Things come in THREEs ...
1. Roof leaked during the heavy rains. Looks like a vent that needs to be sealed. More heavy rains today and tomorrow. Eeek.
2. Kids can't change date in Asheville, so I'm not able to go with a friend to a weekend event this fall. No good deed ... not really, but feels a little like it.
3. PVCs back in force yesterday. I had a little bit of caffeine again and a harder workout. Now to figure out if one or the other is a problem. Either way, if it happens again, looks like I'm in for a cardiac workup. I'm okay so far today.
I'm not having the best moment this morning ... also in THREEs.
1. I'm worried about the PVCs -- mainly why. Possible beta blocker or ablation in my future (after lots of doctors and medical bills).
2. I also don't feel well.

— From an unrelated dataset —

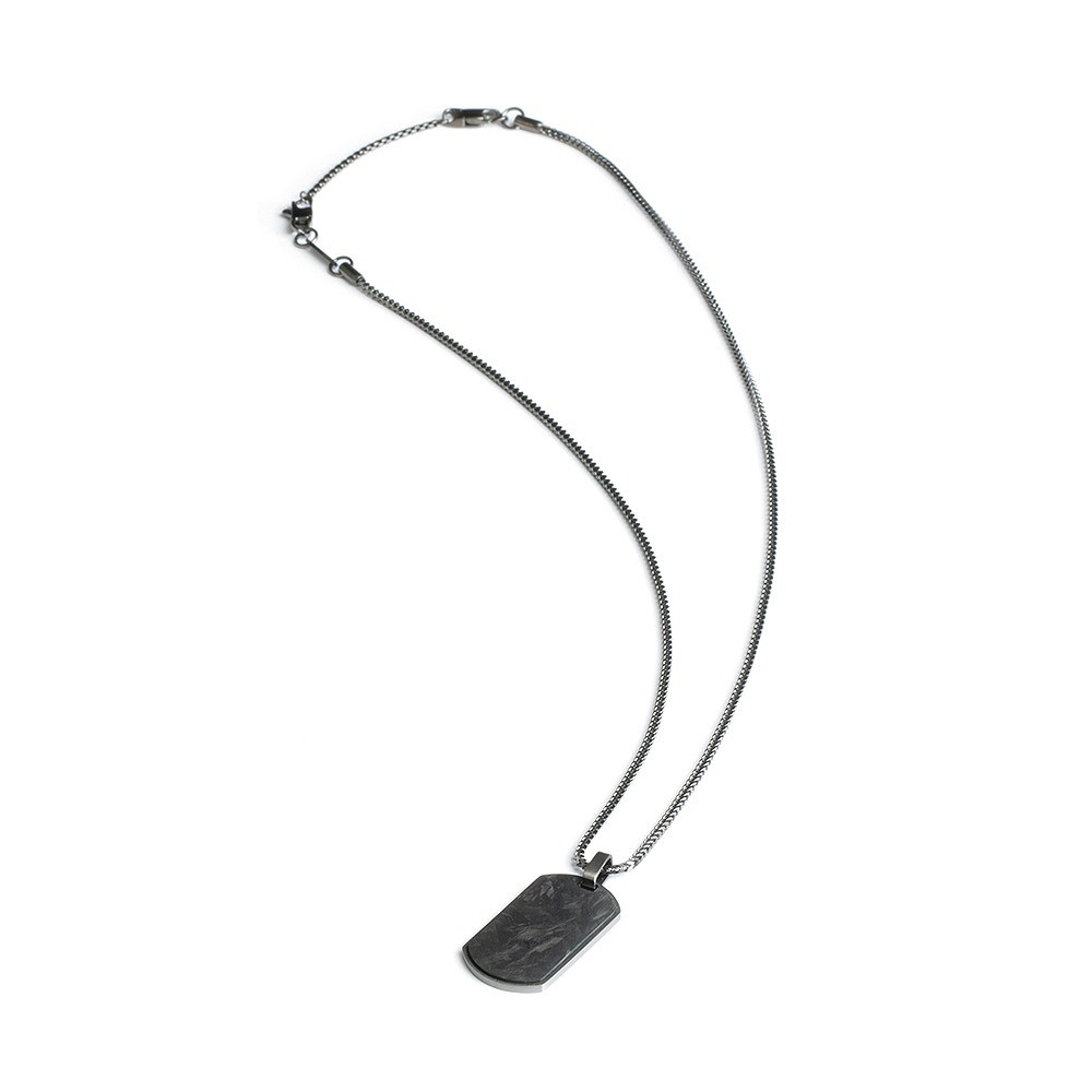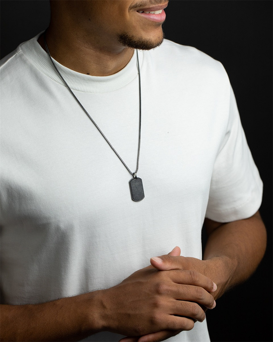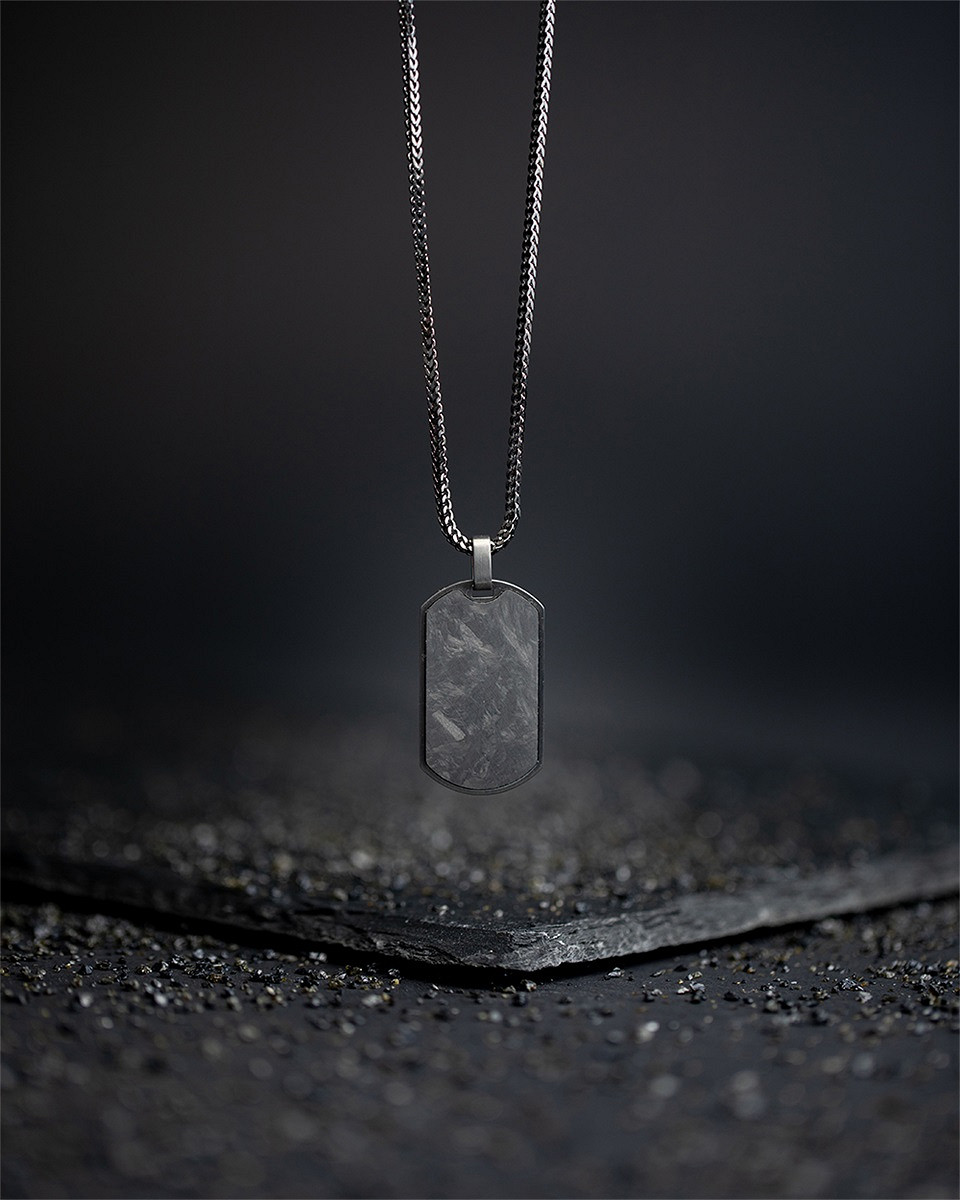 Diese Halskette in Bellum Black besteht aus einer 2 mm langen dunkelfarbigen Fuchsschwanzkette und hält einen Anhänger mit geschmiedeter Kohlefaser. Der lateinische Name „Bellum“ bedeutet „Krieg“ und bezieht sich auf die Form der Halskette, die oft von modernen Soldaten getragen wird.

Not really sick, but not well. Chest cold coming on?
3. My left foot keeps tingling.
So now I'm worried this is all related. I'm somehow dying or on the cusp of a bad diagnosis. A little dramatic?!? Boy, I hope so.
I'm a few weeks out from the menopause and birthday celebrations. I want to feel good and strong and happy. Not looking like any of that from this vantage point. How did things seem to change so rapidly from a week ago?!?
My Oura ring stats are fine. Temp, heart rate, recovery, O2 saturation. Not that that tells a full (or completely accurate) story, but it's not sending up any alarms.
It could be my body is stressed from the trip and sleep issues, and a little sick, etc. and is having a strong reaction.
I see the chiropractor/acupuncture today. Maybe that'll be a start to healing. I'm on strict dietary protocol too. Nothing that traditionally stresses my heart rate. Caffeine, sugar, white carbs.
Anyway ... in other news ...
I got the tomatoes tamed a bit and cleaned up the garden. I need to see how everything weathered the storms. A number of big trees down on the road behind us (a bit scary when they went down) and huge run-off on the trail. They were powerful storms.
Babysitting our grandson again today. Kids are all snotty too, so not really worried about spreading anything around.
I have nothing in the mornings until Friday. This should be ultimate morning joy. I hope I can rally to appreciate such an unusual week. Not this morning though -- I'm in full blown pity party and worried mode.
Well, that's enough cheer for this Memorial Day hah.
Have a good Monday that feels like a Sunday. Later gators.